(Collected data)
━━━━━━━━━━━━━━━━━━━━

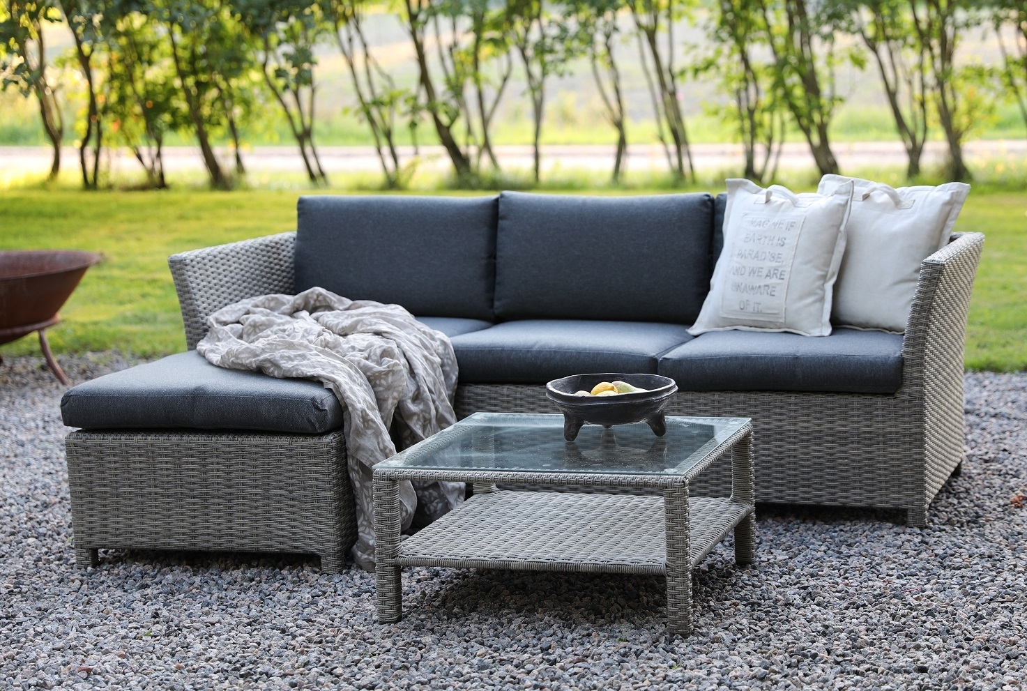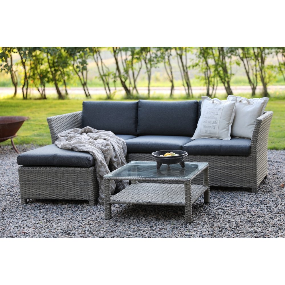Utemöbelgrupp bestående av 3-sits soffa, flyttbar pall (som även kan fungera som divan) och ett bord. Gruppen är tillverkad av grå konstrotting, dynor av grått polyestertyg. Även bordet är av matchande konstrotting med underhylla och toppskiva av härdat glas.
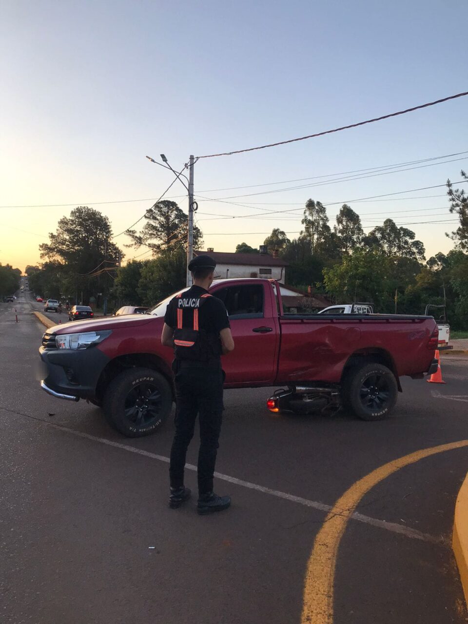 El siniestro involucró a una motocicleta Corven Energy 110cc, conducida por Juan Alberto M.(49), y a una camioneta Toyota Hilux, conducida por Claudio C. (22). El ocupante del rodado menor fue trasladado al hospital local para su atención y evaluación médica.
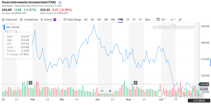 德州仪器作为模拟芯片领域的龙头,2022年迄今,在3月29日到达了191.01美元的高点,7月7日股价为154.69美元,相比年初下跌18.84%。
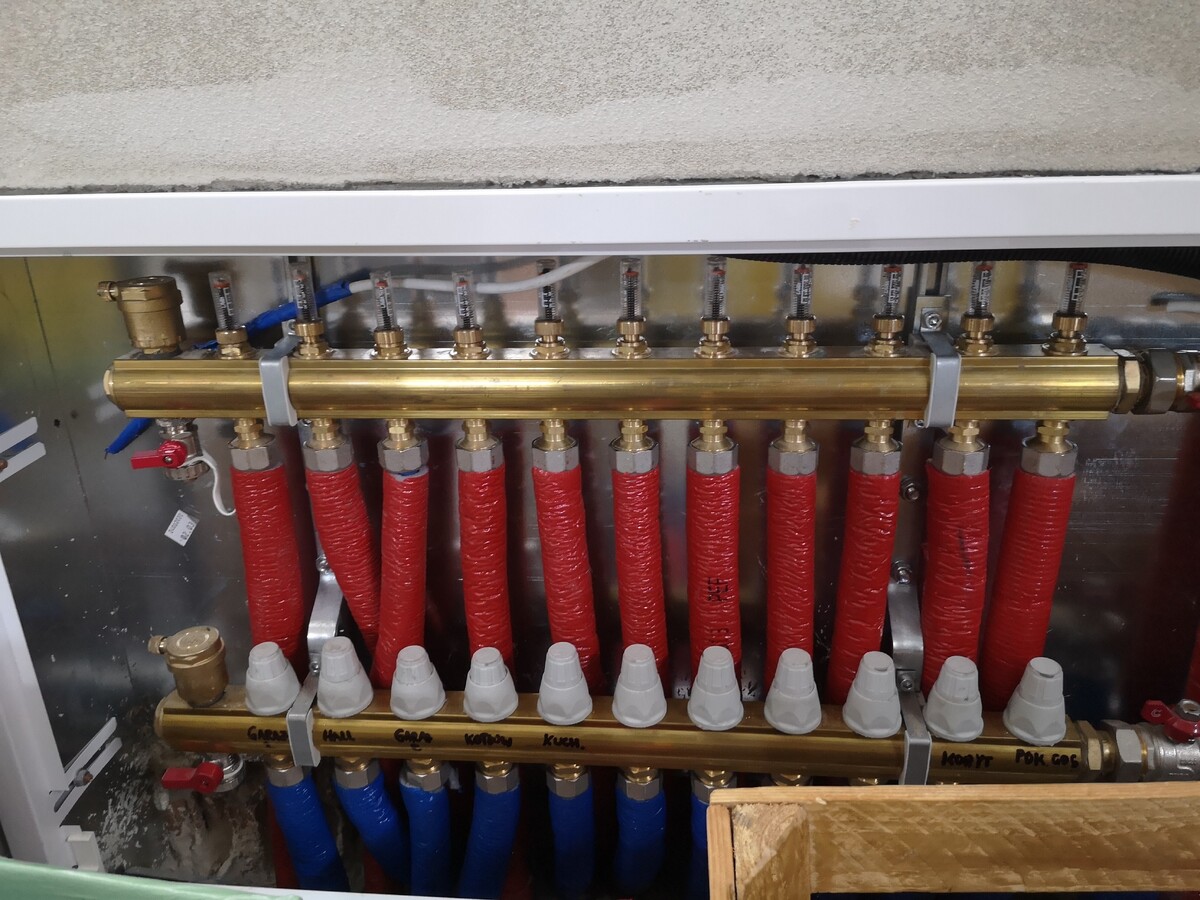 3. Dzień dobry wszystkim. Po rwz pierwszy na forum. Mam problem z ustawieniem instalacji co. w nowym domu. Wiem ze musze metoda prób i błędów ustawić optymalne temperatury, ale chciałbym zapytać czy Waszym zdaniem instalacja i podzespoły sa dobrze dobrane, czy juz na samym poczatku nie bede miec problemów z wyregulowanem. Dom jednorodzinny z poddaszem 168m2 pow. uzytkowej, 100%podlogowka, 11 petli na parterze i 10 na piętrze. Kociol gazowy Bosch Condens 2300W Kotlownia oraz rozdzielacze spięte w sposob przedstawiony na zdjęciach. Parter sterowany 1 regulatorem bezprzewodowym tech spietym do grupy pompowej Pietro sterowane regulatorami umieszczonymi w kazdym pokoju. Po pierwszych dniach od uruchomienia, pojawiło sie kilka pytań. 1. Temperatura na piecu max zasilania ustawiona przez instalatora od pieca 40 stopni C. Jako ze 100%podłogówka, więc nie ma zaworu mieszajacego. Czy taka temperatura moze trafiać na podłogówkę? 2. Temperatura ktora wskazuje grupa pompowa zasilanie 40 stooni, powrót 38 stopni nie jest za wysoka? 3.Co z kondensacja pieca ktora wynika z różnic temp na powrocie? Temp zadana w domu 21, na zewnątrz 10 stopni.
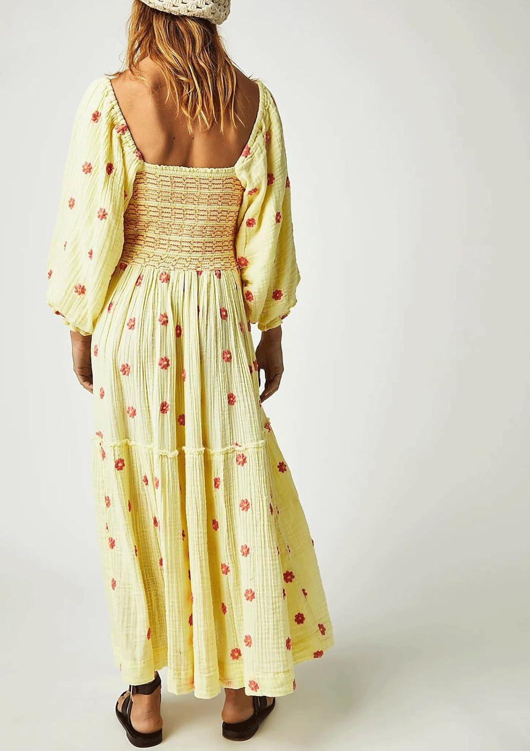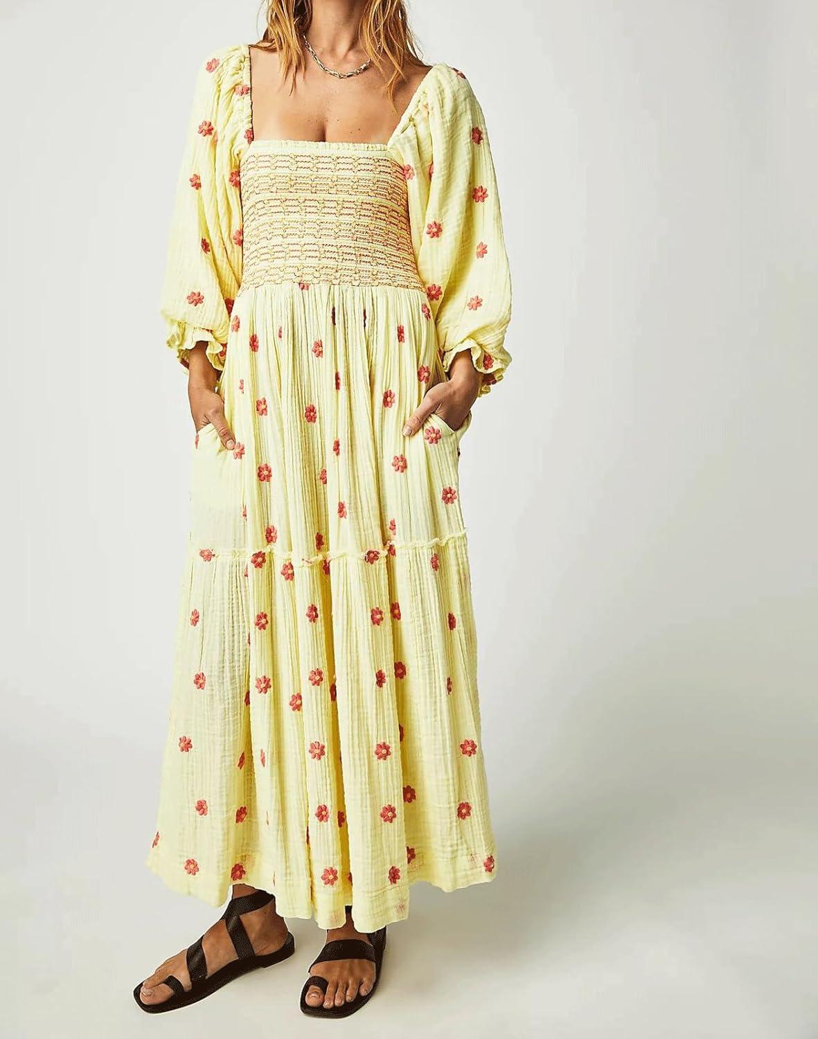 CHARTOU Women Summer Flowy Floral Dress Long Puff Sleeve Square Neck Boho Maxi Sundress Swing Smocked Dress(Light Yellow)
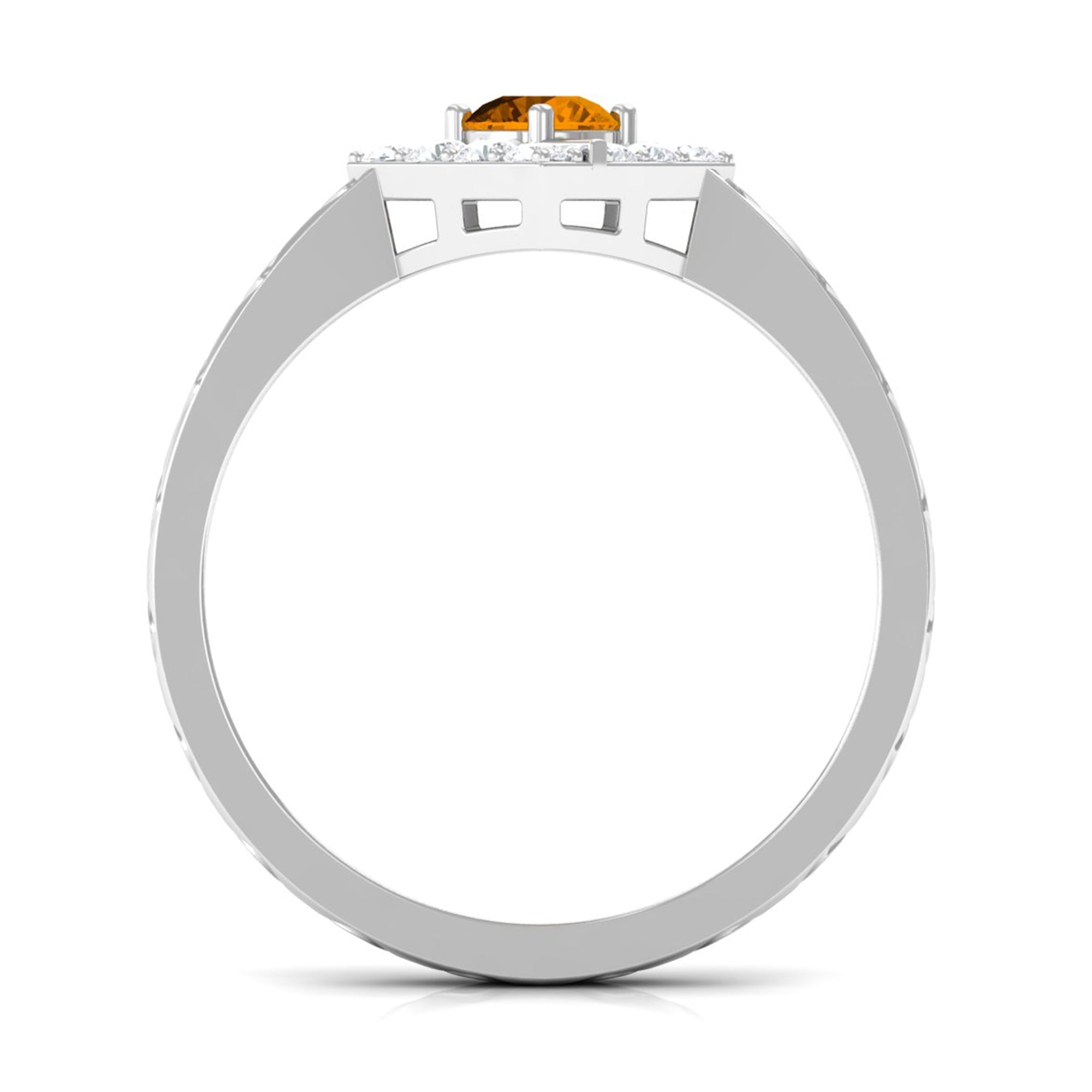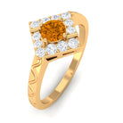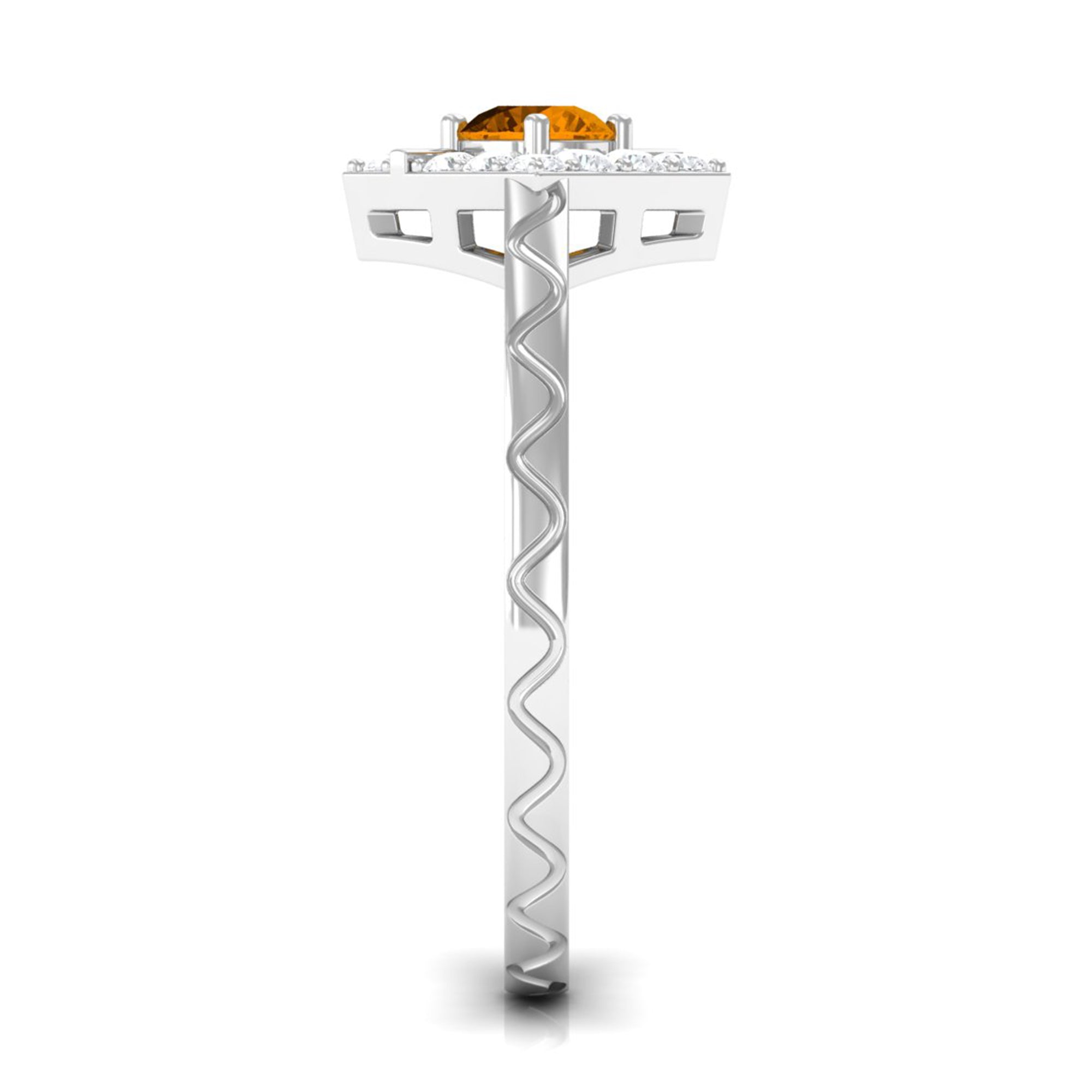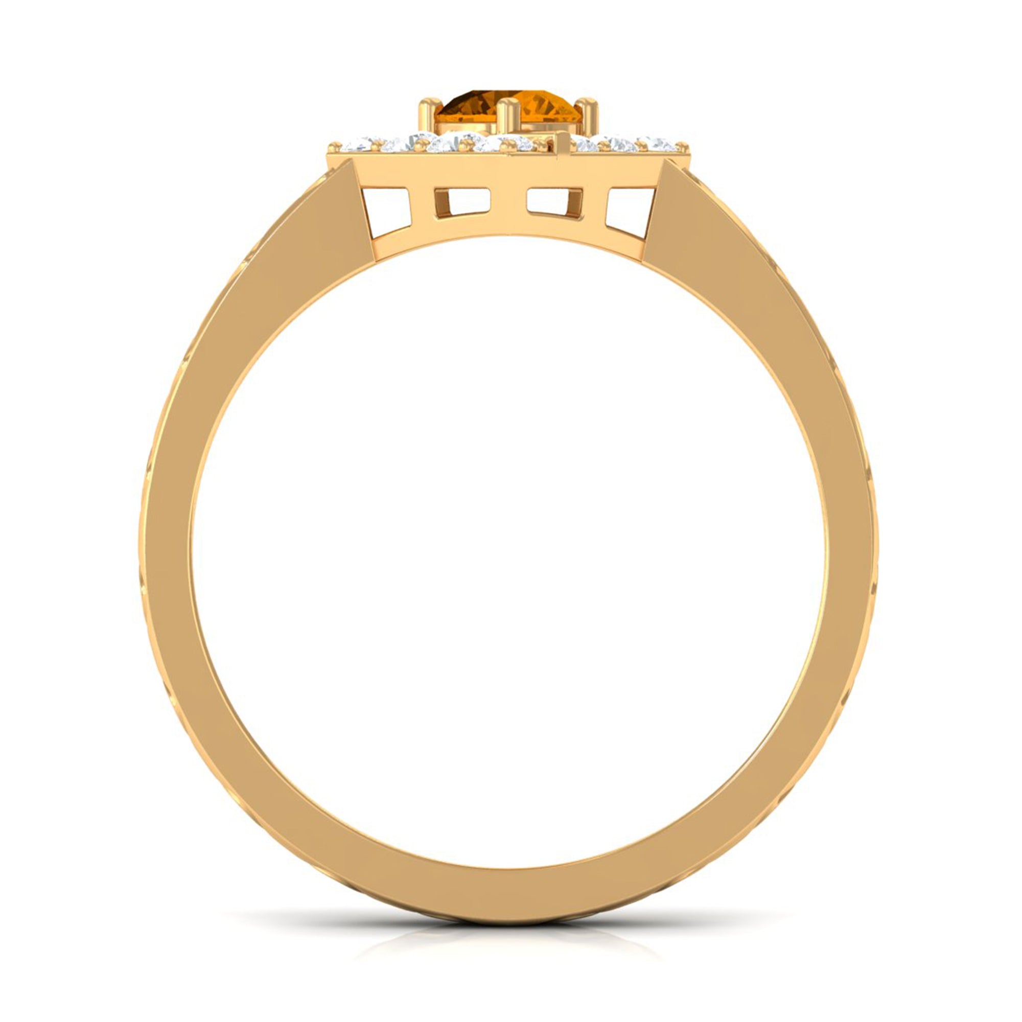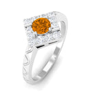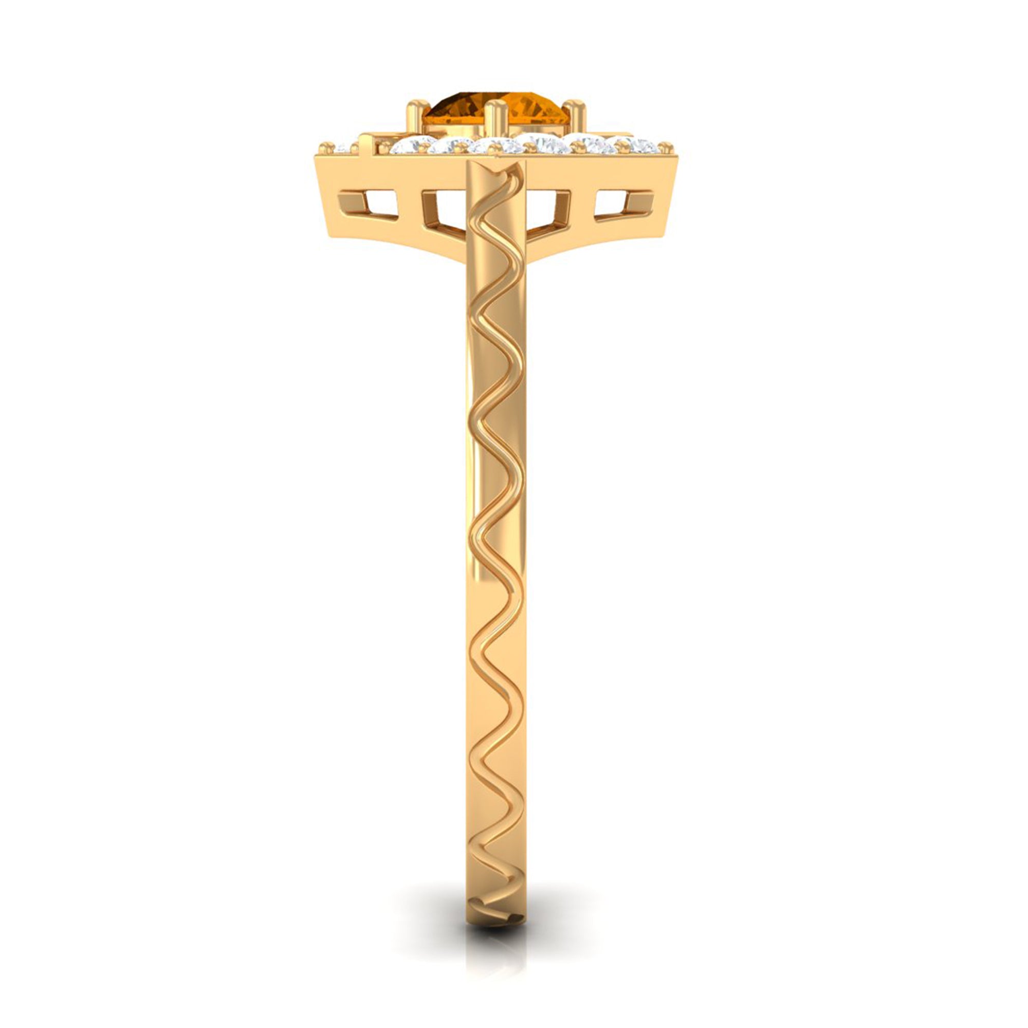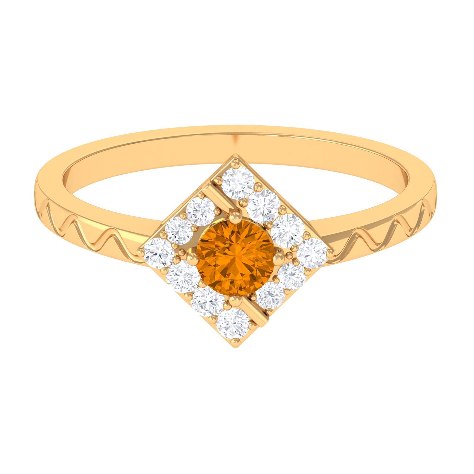 0.50 CT Round Shape Citrine Minimal Textured Ring with Diamond

━━━━━━━━━━━━━━━━━━━━

Each line from the top of the records through the one containing "德州仪器作为模拟芯片领域的龙" needs to be transcribed exactly, without pictures.

[TASK RESULT]
Utemöbelgrupp bestående av 3-sits soffa, flyttbar pall (som även kan fungera som divan) och ett bord. Gruppen är tillverkad av grå konstrotting, dynor av grått polyestertyg. Även bordet är av matchande konstrotting med underhylla och toppskiva av härdat glas.
 El siniestro involucró a una motocicleta Corven Energy 110cc, conducida por Juan Alberto M.(49), y a una camioneta Toyota Hilux, conducida por Claudio C. (22). El ocupante del rodado menor fue trasladado al hospital local para su atención y evaluación médica.
 德州仪器作为模拟芯片领域的龙头,2022年迄今,在3月29日到达了191.01美元的高点,7月7日股价为154.69美元,相比年初下跌18.84%。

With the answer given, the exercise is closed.